[Stored records]
::::::::::

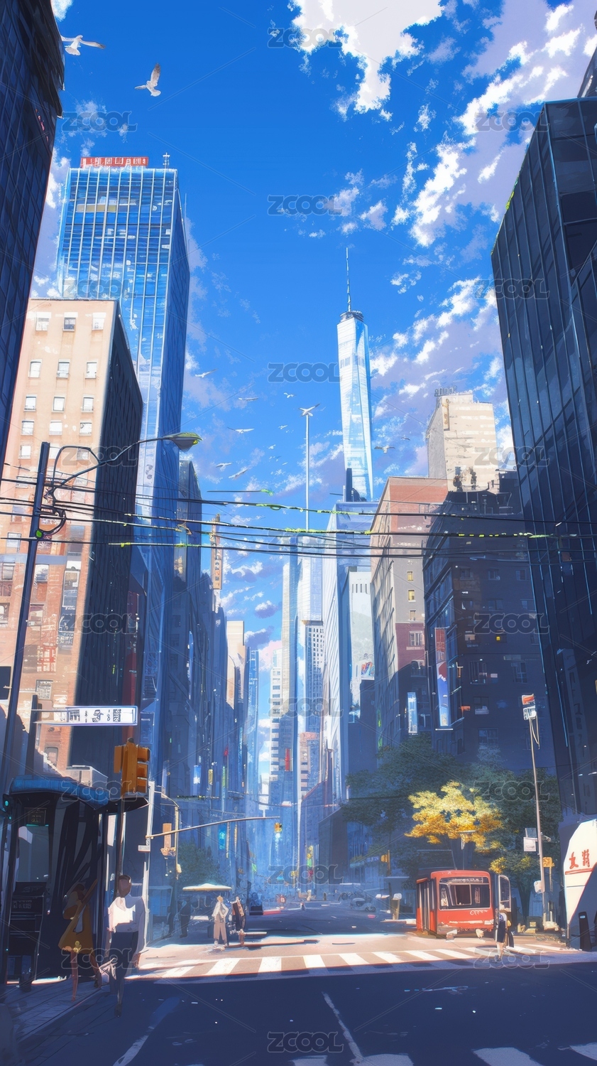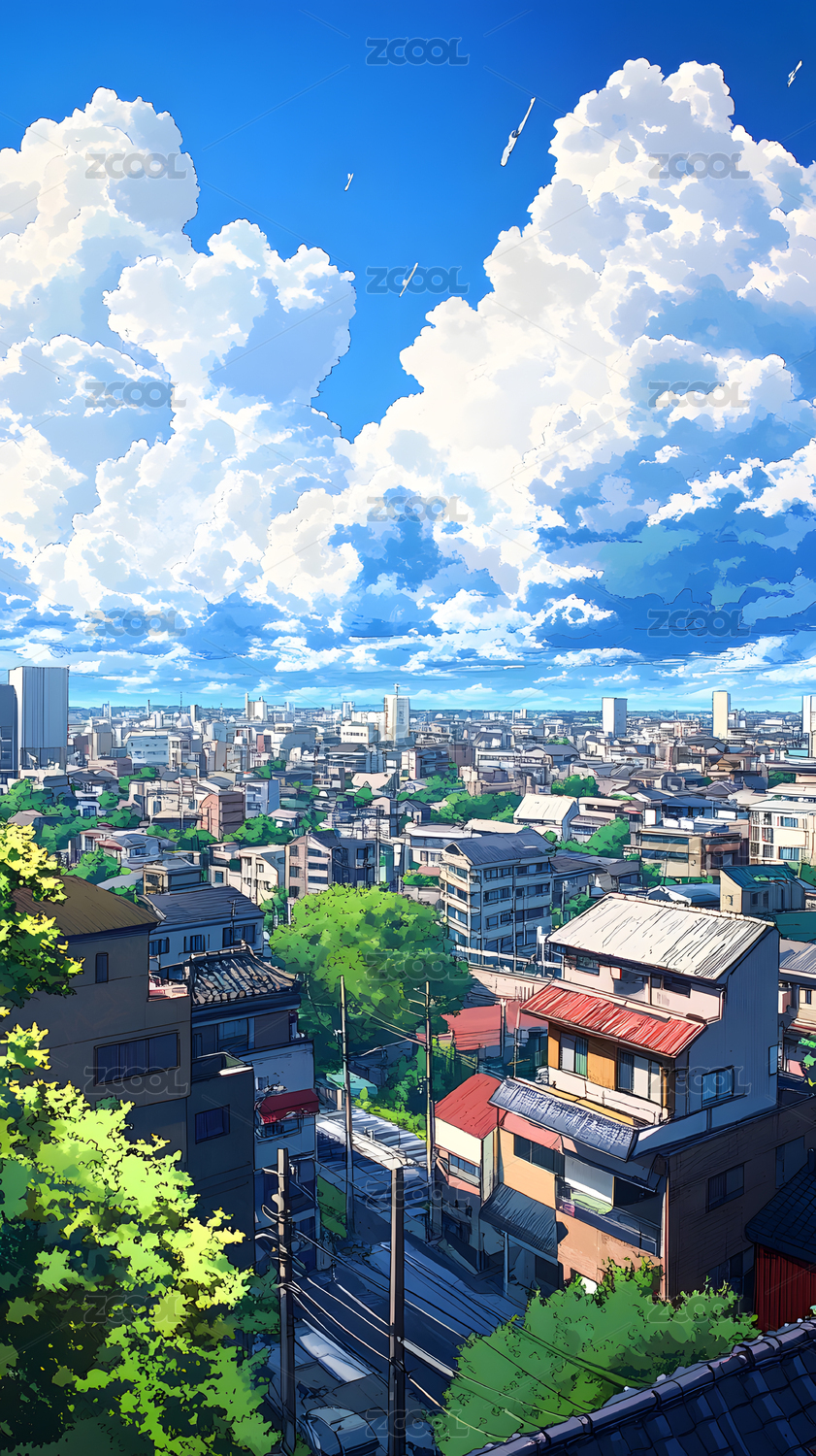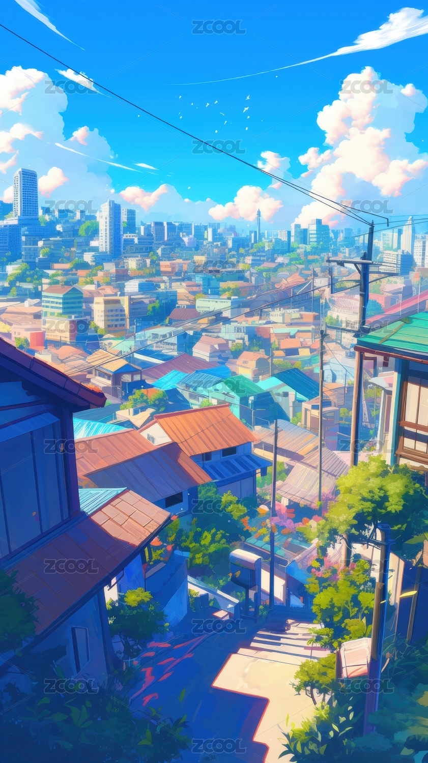 日漫城市建筑插画
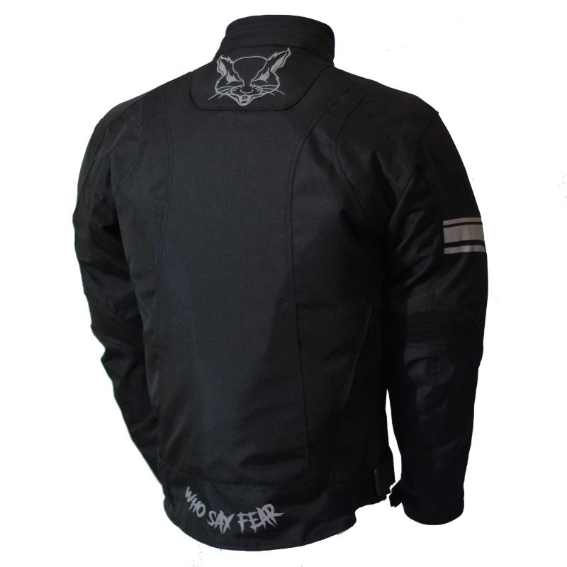 La chaqueta de moto Garafía de cordura está fabricada en un tejido sintético (poliamida) de alta resistencia al rasgado. Utilizamos Cordura 600D (Denier). El Denier es la unidad de medida que se utiliza para medir la masa de una fibra y le da el grosor del hilo y el trenzado del mismo. Todas las prendas de cordura tienen protecciones homolagadas por la CE.
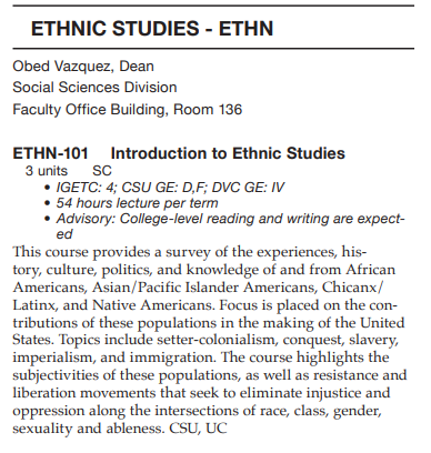 The course description states that it will provide a “survey of the experiences, history, culture, politics, and knowledge of and from African Americans, Asian/Pacific Islander Americans, Chicanx/ Latinx, and Native Americans.”
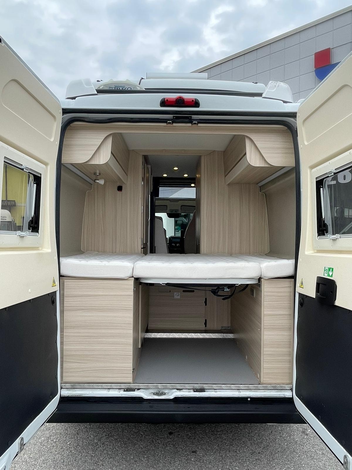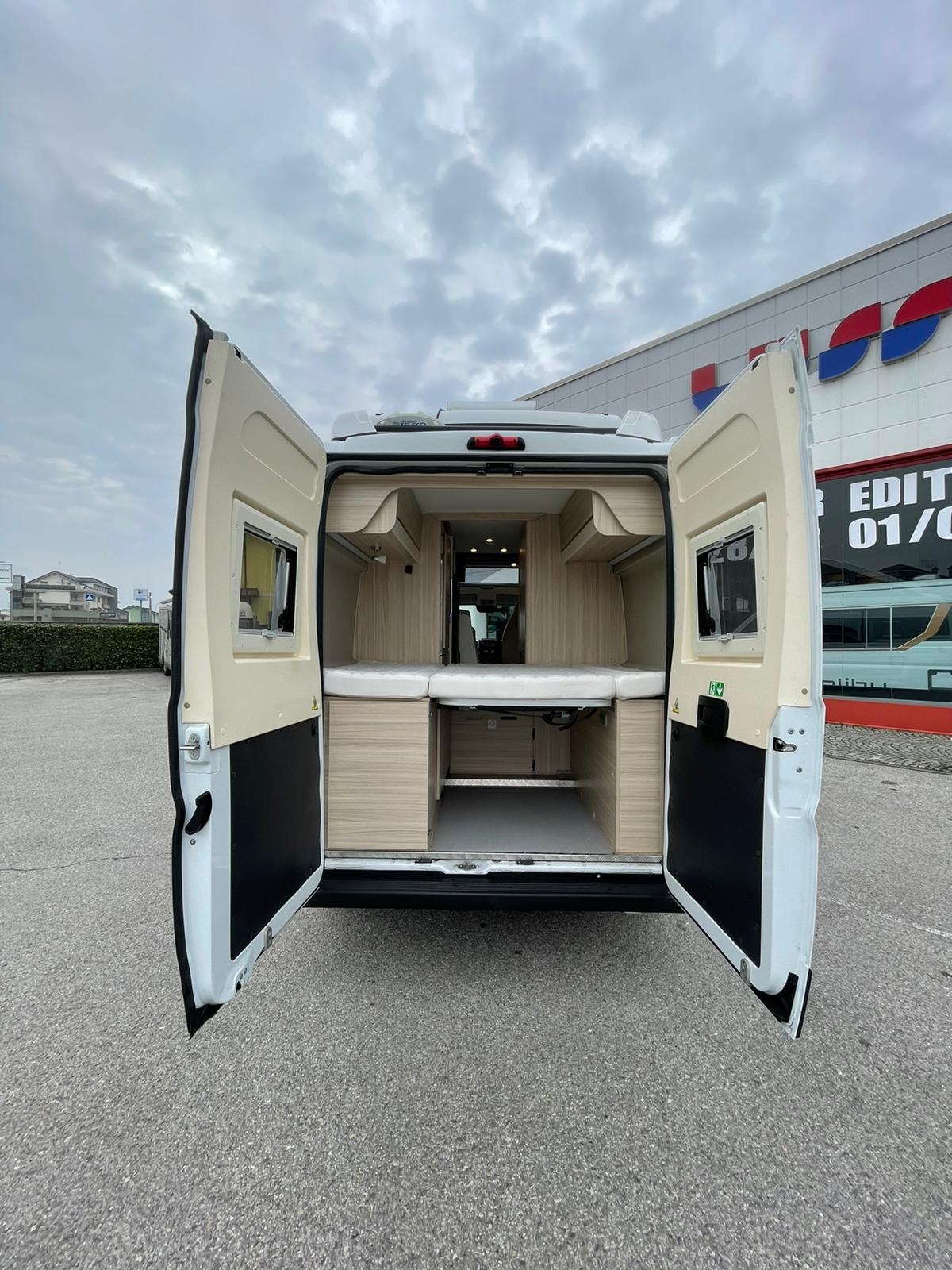 Versione White Addict, Clima cabina, Cruise control, Cerchi in lega 16’, Hill Holder + Hill Discend, Radio Doppiodin + Retrocamera + Navigatore, Scuri Remis cabina, Veranda, Zanzariera portellone, gradino elettrico, Sedili girevoli, Frigo 140 litri, Bagno con doccia separata, Riscaldamento Webasto a gasolio, Antenna Tv Terrestre + TV, Skyroof panoramico, Luce esterna, Luci Led interne, Tappezzeria in ecopelle,
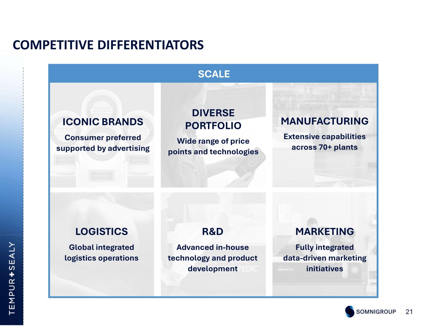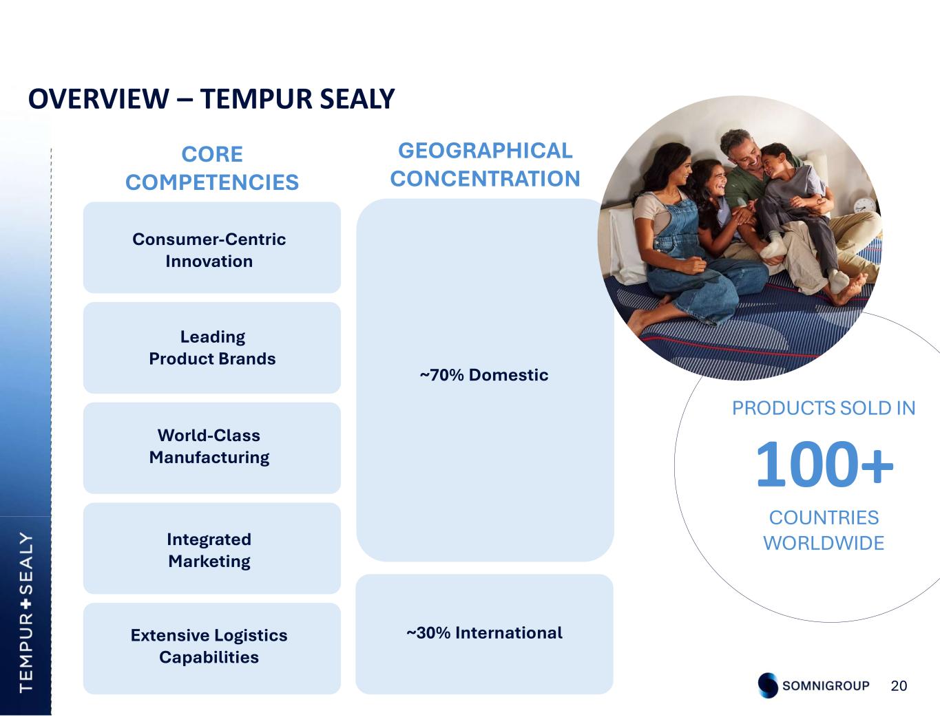 OVERVIEW – TEMPUR SEALY 20 CORE COMPETENCIES GEOGRAPHICAL CONCENTRATION PRODUCTS SOLD IN 100+ COUNTRIES WORLDWIDE Consumer-Centric Innovation Leading Product Brands World-Class Manufacturing Integrated Marketing Extensive Logistics Capabilities ~70% Domestic ~30% International
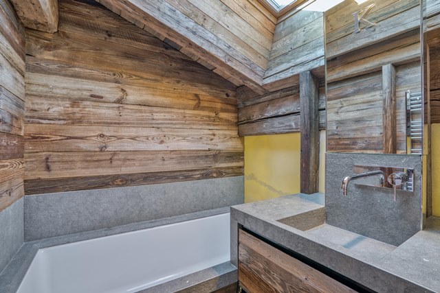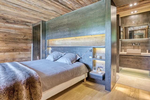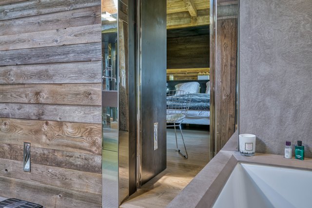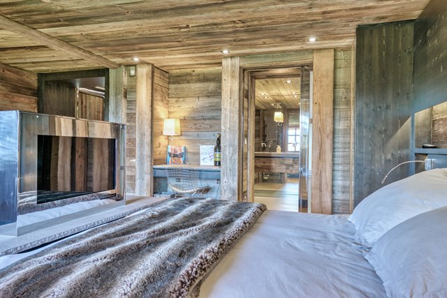 > Bedroom n°7 : double bed 180cm, TV, balcony, ethanol fireplace, bathroom with bathtub, shower & toilet
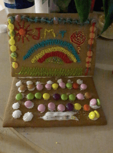 After a tense start (are all the gingerbread bakers booked up already? Will we have to bake them ourselves? Will the laws of physics allow for the laptops to stand up properly?) it started to come together.
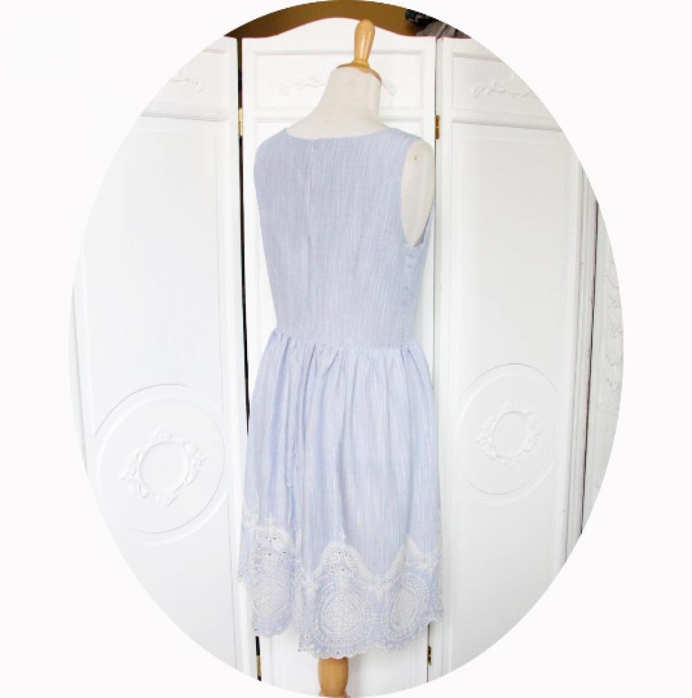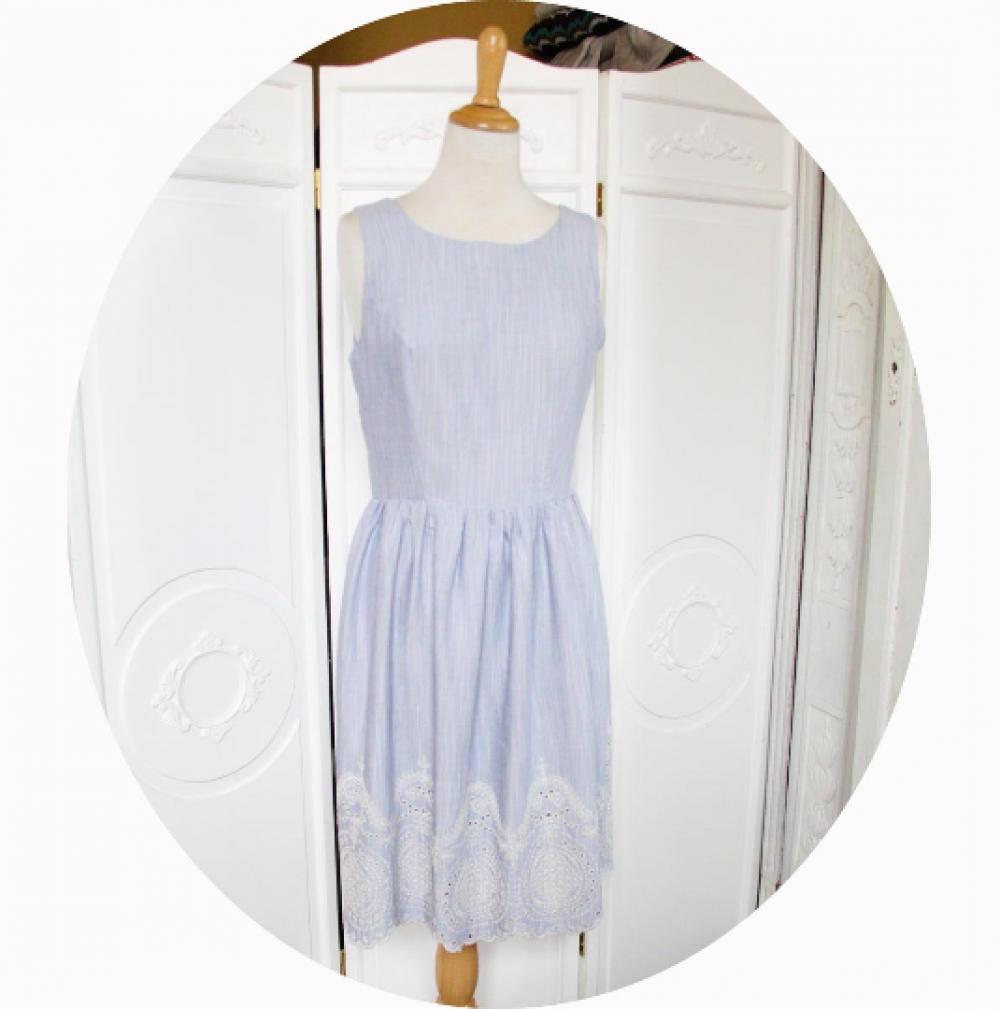 Robe d'été courte et sans manches à jupe froncée en tissu fluide bleu ciel et broderie blanche
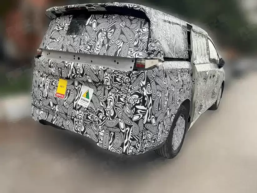 尾部设计通过伪装贴纸的起伏轮廓可推测,新车将采用贯穿式尾灯组设计,尾门顶部配备大尺寸扰流板,这种运动化元素的加入打破了传统MPV车型的沉闷感。后保险杠区域的设计细节因伪装覆盖暂时无法观察,但整体造型预计将与前脸设计形成呼应。

::::::::::

**Task requirements**
Transcribe every line from the records above without alteration, and leave out the images.

**Solved exercise**
 日漫城市建筑插画
 La chaqueta de moto Garafía de cordura está fabricada en un tejido sintético (poliamida) de alta resistencia al rasgado. Utilizamos Cordura 600D (Denier). El Denier es la unidad de medida que se utiliza para medir la masa de una fibra y le da el grosor del hilo y el trenzado del mismo. Todas las prendas de cordura tienen protecciones homolagadas por la CE.
 The course description states that it will provide a “survey of the experiences, history, culture, politics, and knowledge of and from African Americans, Asian/Pacific Islander Americans, Chicanx/ Latinx, and Native Americans.”
 Versione White Addict, Clima cabina, Cruise control, Cerchi in lega 16’, Hill Holder + Hill Discend, Radio Doppiodin + Retrocamera + Navigatore, Scuri Remis cabina, Veranda, Zanzariera portellone, gradino elettrico, Sedili girevoli, Frigo 140 litri, Bagno con doccia separata, Riscaldamento Webasto a gasolio, Antenna Tv Terrestre + TV, Skyroof panoramico, Luce esterna, Luci Led interne, Tappezzeria in ecopelle,
 OVERVIEW – TEMPUR SEALY 20 CORE COMPETENCIES GEOGRAPHICAL CONCENTRATION PRODUCTS SOLD IN 100+ COUNTRIES WORLDWIDE Consumer-Centric Innovation Leading Product Brands World-Class Manufacturing Integrated Marketing Extensive Logistics Capabilities ~70% Domestic ~30% International
 > Bedroom n°7 : double bed 180cm, TV, balcony, ethanol fireplace, bathroom with bathtub, shower & toilet
 After a tense start (are all the gingerbread bakers booked up already? Will we have to bake them ourselves? Will the laws of physics allow for the laptops to stand up properly?) it started to come together.
 Robe d'été courte et sans manches à jupe froncée en tissu fluide bleu ciel et broderie blanche
 尾部设计通过伪装贴纸的起伏轮廓可推测,新车将采用贯穿式尾灯组设计,尾门顶部配备大尺寸扰流板,这种运动化元素的加入打破了传统MPV车型的沉闷感。后保险杠区域的设计细节因伪装覆盖暂时无法观察,但整体造型预计将与前脸设计形成呼应。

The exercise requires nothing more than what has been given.